Theory: Trees do a lot more than offer us the conveniences that we have described. They continue to sustain the survival of man by providing the world with oxygen that is important to live. When animals breathe and objects combust, carbon dioxide is the fuel the plants consume. The oxygen in the air is continually taken up and converted into carbon dioxide.

The leaves of plants (in fact, of all green plants) absorb this carbon dioxide and decompose into carbon and oxygen with the aid of sunlight. The carbon is used to make starch 70, and the oxygen is released into the air, eliminating the animals with the chemicals used. But this would soon mean the animals would die for lack of oxygen.

GreenHouse Effect

Aim: The atmosphere on Earth has changed several times in the past.

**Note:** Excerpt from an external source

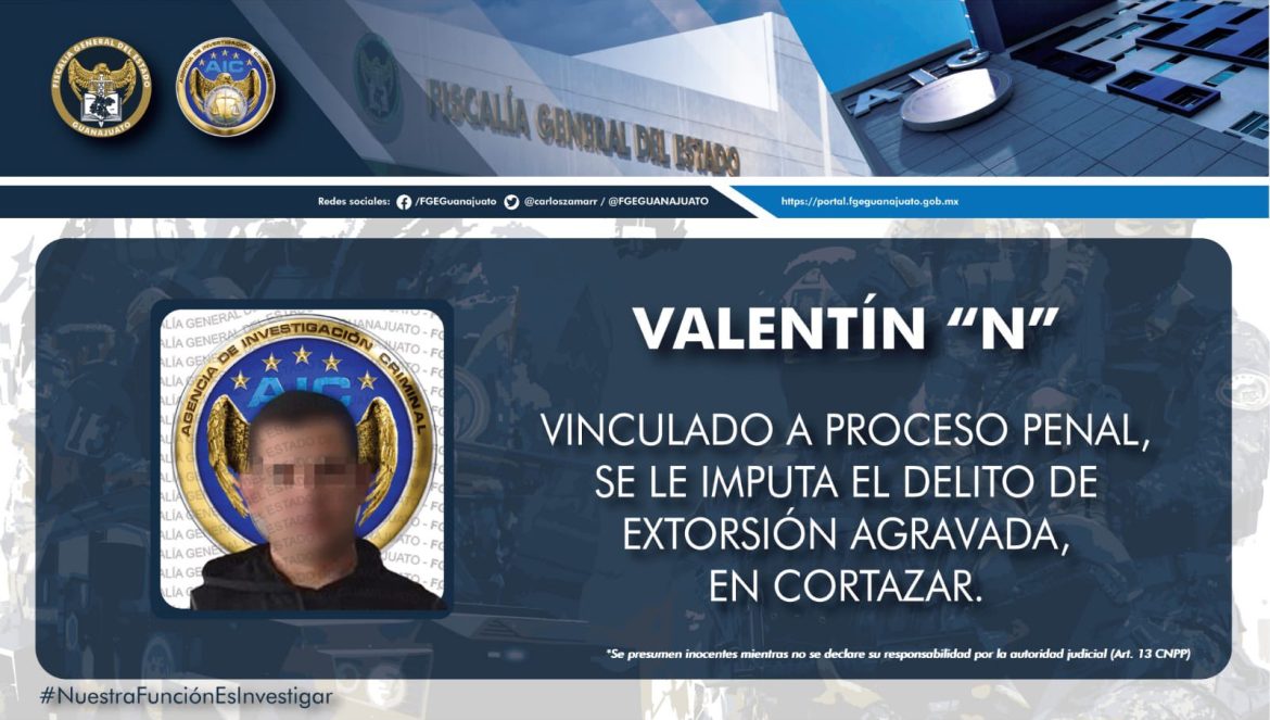 Cortazar, Gto. (27/enero/2023).- Un sujeto identificado como Valentín ya fue vinculado a proceso penal por el delito de extorsión agravada.

From the south, tropical forests have expanded into more temperate regions (or milder, colder climates). Millions of years later, polar caps extended from the north, surrounding great glaciers in most of the northern United States, Europe and Asia. Almost all scientists today consider that human activities are altering the world.

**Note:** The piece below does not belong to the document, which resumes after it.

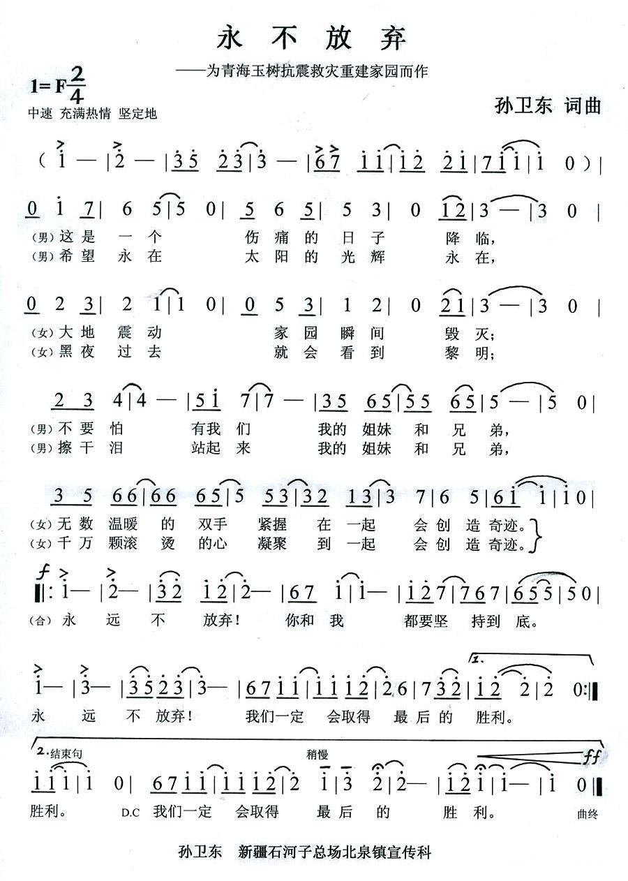 《永不放弃(为青海玉树抗震救灾重振家园而作)》简谱

Theory: The air inside of a greenhouse remains warm under bright sunlight. The greenhouse glass makes light energy and some of its heat energy into the sun. Within the greenhouse, this heat builds up. You were only showing a slight greenhouse effect. What will occur if the Earth’s atmosphere shifted by this greenhouse effect?

What occurs inside a car parked in the sun is another type of a greenhouse. The light and heat of the sun gets inside the vehicle and like the plastic bag surrounding the jar, is stuck inside. Within a vehicle, the temperature can reach over 120 degrees Fahrenheit (49 degrees Celsius).

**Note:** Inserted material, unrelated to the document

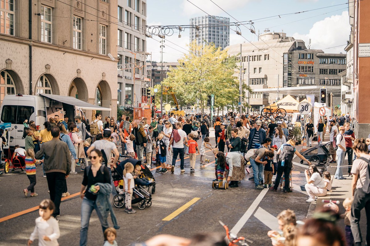 Wo sonst Autos fahren, wird gespielt und flaniert, werden neue Fortbewegungsmittel ausprobiert und Klimafragen diskutiert. Auch ein selbst gemachtes Picknick, eigene Spiele, Rollschuhe und Velos sind willkommen.

Requirements: Two identical glass jars, 4 cups cold water, 10 ice cubes, One clear plastic bag and a Thermometer.


Record data over the period of time you observed your plants. Data may include observations of the plant's growth as well as measurements of soil and plant weight, or height of the plant. Good scientists record data very carefully and often organize information into charts and graphs.

Here is where you actually answer the question: Did the plants consume the soil? Use your data to support your statements. Remember to write in complete sentences. For example, you would say "plants do /do not consume soil . I know this because. ". Do not recopy your entire data here, but do use observations and data to support your final answer to the question.


Why Study Plants?

Members of the plant kingdom play many crucial and sometimes surprising roles in the drama of life on Earth. You are probably familiar with some reasons plants are important. Why should you understand how plants live? Because plants play many roles, including but certainly not limited to:

  1. Supplying Food and Energy
  2. Maintaining Earth&rsquos Atmosphere
  3. Cycling Water and Nurturing Soils
  4. Contributing to Nitrogen and Other Biogeochemical Cycles
  5. Interdependence with Animals
  6. Interdependence with Fungi
  7. Interdependence Among Plants
  8. Resources for Humans
  9. Aesthetics for Humans
  10. Scientific Use by Humans
  11. Causing Problems

More than 100,000 natural compounds come from plants, and most of these have yet to be explored. Some of the most powerful and useful compounds come from plants. Who knew they could help us unlock some of the biology's mysteries - all using an approach of mapping biological pathways.